#### EXERCISE DATA
= = = = =

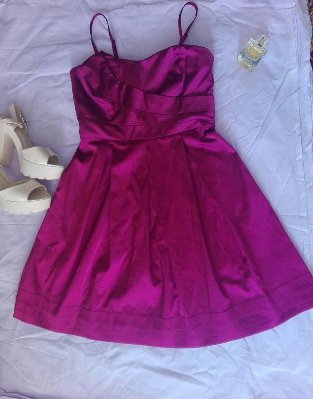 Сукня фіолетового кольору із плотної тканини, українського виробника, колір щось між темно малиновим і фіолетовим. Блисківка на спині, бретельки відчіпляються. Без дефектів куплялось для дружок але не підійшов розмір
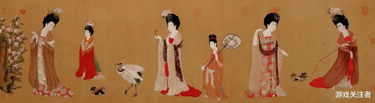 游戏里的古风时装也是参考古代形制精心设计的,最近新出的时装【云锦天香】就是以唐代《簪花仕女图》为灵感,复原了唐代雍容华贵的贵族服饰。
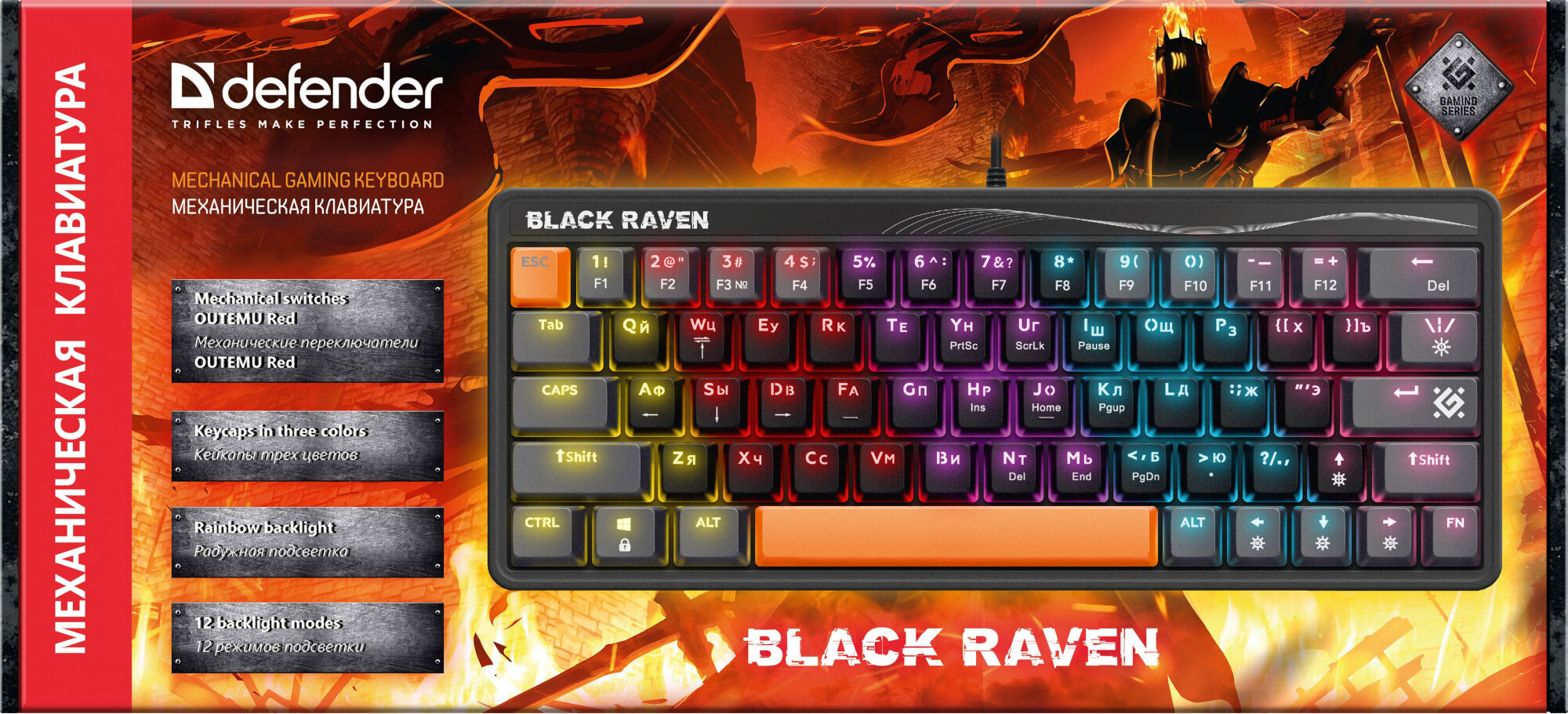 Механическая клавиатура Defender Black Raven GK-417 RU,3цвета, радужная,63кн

= = = = =

#### REQUIRED ACTION
Every line of the material must be repeated exactly; pictures stay out.

#### EXERCISE RESPONSE
 Сукня фіолетового кольору із плотної тканини, українського виробника, колір щось між темно малиновим і фіолетовим. Блисківка на спині, бретельки відчіпляються. Без дефектів куплялось для дружок але не підійшов розмір
 游戏里的古风时装也是参考古代形制精心设计的,最近新出的时装【云锦天香】就是以唐代《簪花仕女图》为灵感,复原了唐代雍容华贵的贵族服饰。
 Механическая клавиатура Defender Black Raven GK-417 RU,3цвета, радужная,63кн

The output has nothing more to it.